By having that reader integrated, we find people blog a lot more, which is fun.

And then, for us, it’s really about…The one thing that hasn’t changed in our entire history we’ll be 10 year old in May. I know, nothing to other organizations, but it feels like a long time. A third of my life.

Control. The people want control and flexibility just as much as they did five or 10 years ago. The idea that there’s been many of these services that, because they provide distribution, get people to trade off some of that, certainly in the short term, but long term, if you are serious about publishing, you want your own domain on the web. You want a home. That’s kind of beautiful because I think that the independent web, for lack of a better term, is cyclical, just like everything else.

Probably one of the negatives before my time was when you drive by billboards and they’d show AOL keywords. Now you drive by keyboards and they show Twitter hashtags. Hashtags are actually kind of distributive but Twitter handles are not, obviously.

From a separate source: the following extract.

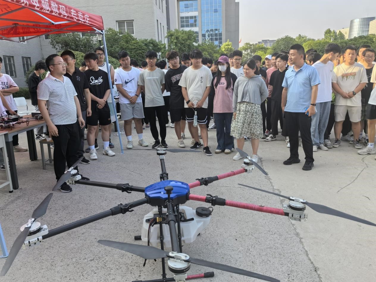 其中,无人机表演区由徐爽、卢婷、郭辉老师负责,由无人机专业学生进行实操表演,为大家展示无人机航拍技术,展现科技带来的便利。无人机操控,是一项新兴技术,属于高新前沿科技产业,无人机在其他应用领域不断拓宽,无人机从业人员的选择将会逐年增多。现场活跃的氛围聚集了大量的学生参观,电气工程系党总支副书记杜瑞涛为学生们讲解无人机的原理与用法,并邀请学生体验,激发学生学习兴趣,致力于让学生脑会和手会。

I think we’re at another one of those points I think we’ve actually passed it where people, because of the technical and social convenience of these centralized networks, flock to them. They’ve shown huge growth. And now people are starting to come out the other end and say, “Wait. I just spent four years of my life on this thing. What do I actually have?” Or they changed the terms of service, or they went away, or the company decided to go in a different direction and I’m not important to them anymore.

They want to have their own thing again. That’s always been our wheelhouse. That’s exciting for me to see the independent web is coming back.